Australia’s banks should use artificial intelligence to enrich their customers’ lives and help address hesitation towards the technology, the corporate watchdog says.
The nation should not rush into heaping more regulation on AI as guardrails are already in place and more rules could have a chilling effect on innovation, ASIC chair Joe Longo will tell a roomful of bankers in Sydney on Wednesday.
Mr Longo has previously cautioned against over-regulation more generally, and will again urge lawmakers not to address a perceived problem by simply throwing more rules at it.
“The reality is, as I have said publicly before, the more specific and narrowly targeted regulation becomes, the more complex it becomes,” Mr Longo will say in a speech at an Australian Banking Association conference.
“It gets harder to understand, harder to comply with, and harder for regulators to enforce.”

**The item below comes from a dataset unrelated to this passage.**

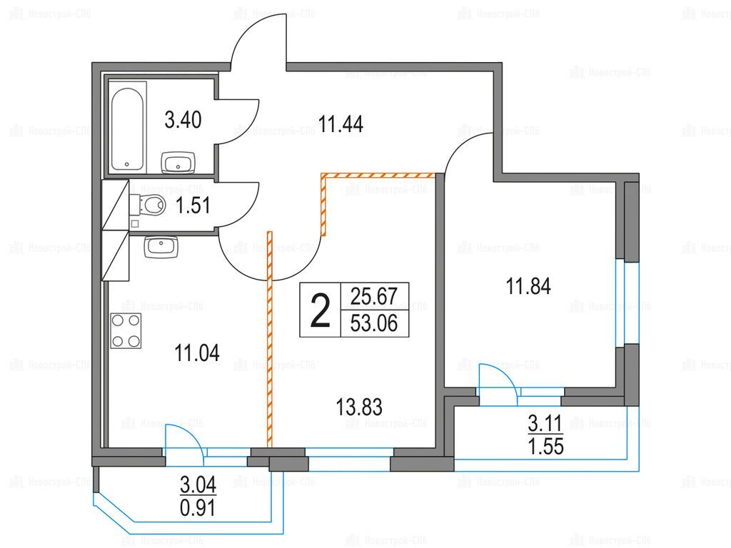 Продается двухкомнатная квартира в новостройке ЖК «Приморский квартал» по адресу Санкт-Петербург, Приморский, Коломяжский проспект, 13к3. Общая площадь квартиры - 53.06 кв. м. Тип проекта, по которому построен дом — Монолит,Монолитно-кирпичный, компания-застройщик — Мегалит – Охта Групп. Стоимость квартиры — 18 533 706 руб. Способы оплаты можно уточнить у продавца. Более подробная информация по телефону.

That results in a burden borne by all Australians through lost time and productivity, and makes it harder for regulators to combat scams, predatory lending and other unfair practices.
“And it becomes a handbrake on innovation, when you have got to spend more on compliance lawyers than coders.”
While ASIC is not rushing to impose new regulation, Mr Longo acknowledges more may be needed in future.
But his focus is on applying existing laws. Guardrails already exist, and regulators just need to be more imaginative about how to apply them.
“In other words, we’ve got to kick the tyres a bit and see just how far our technology-neutral framework will flex,” Mr Longo will say.

ASIC is still keeping a close eye on how businesses adopt AI, and Mr Longo wants to see banks using AI to actually improve their customers’ lives.
This could include preventing low-income customers from paying millions of dollars in fees they were entitled to avoid, as ASIC found in a report on the banks’ treatment of Indigenous customers.
He cited the example of a single mum from South Australia who was charged more than $2600 in overdraw fees over five years.
“It would be a true win for customer-centric banking if your algorithm prompted you to serve your customers better before an ASIC report did,” he will say.
“We’ve already seen that customer trust in AI and its potential to improve customer service is eroding. If banks get this wrong, we’re likely to see a significant setback in AI legitimacy and trust.”